The experiment was carried out in a similar manner to the example but using an initial tobacco weight of 450 g. The tobacco was heated to approximately 50 ° C using a microwave oven before filling the pressure vessel and pressed by hand squeezing during filling. Table 4 summarizes the experimental parameters and the relative increases in the achieved filling capacity or degrees of expansion.

PL 201 149 B1

T a b e l a 4

Relative increase in filling capacity (filling density 0.225 kg / dm ³ , operating temperature 60 ° C, tobacco moisture 12%)
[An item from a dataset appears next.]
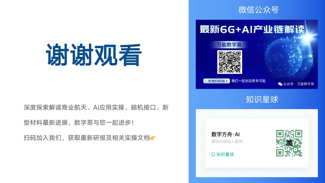 喜欢我们的内容可可以点击♥️推荐哦~您的支持是我创作最大的动力! 更多关于商业航天、6G卫星通信、人工智能、机器人、脑机接口等前沿数字哥亲笔书写PPT、最新进展研报、AI系统性实操课程、行业专业交流社群,均已发布在知识星球,强烈推荐大家加入,同时也欢迎关注数字哥公众号同事加入我们的微信交流讨:

Process variant and. and. ii. ii. Pressure rise time (min) 3 twenty 3 3 Holding time (min) 0 0 10 5 Pressing time (min) 3 twenty 13 8 Increase in filling capacity Δ% 65 76 73 74

Examples 3 and 4 illustrate the effect of pressing time on the increase in filling capacity at inventive fill densities greater than 0.2 kg / dm ³ . A good expansion effect can only be obtained under those conditions where the pressing time exceeds approximately 300 seconds. Moreover, it is obvious that with comparable pression times the best results are obtained with option iii.

Claims (6)

Patent claims A method of increasing the filling capacity of tobacco, such as cut tobacco leaves or tobacco leaf strands or additional tobacco material, by treating tobacco material which has an initial moisture content of 10-30% with a treatment gas consisting of nitrogen and possibly argon at pressures from 400 to 1000 bar, followed by continuous decompression and subsequent thermal post-treatment of the discharged tobacco material, characterized in that the filling density of the tobacco charge in the autoclave is greater than 0.2 kg / dm ³ . 2. The method according to p. The method of claim 1, wherein the pressure time, i.e. the time between the start of pressure build-up and decompression, is at least 300 seconds. 3. The method according to p. The method of claim 1 and 2, characterized in that the tobacco is mechanically pressed before, during or after filling the pressure vessel. 4. The method according to p. The process of claim 3, wherein the tobacco is heated before or after pressing. 5. The method according to p. The method of any of claims 1 to 4, characterized in that a compression time of at least 300 seconds is achieved after a rapid increase in pressure by allowing the vessel to remain under pressure. 6. The method according to p. The process of claim 5, wherein the pressure is re-pressurized prior to decompression.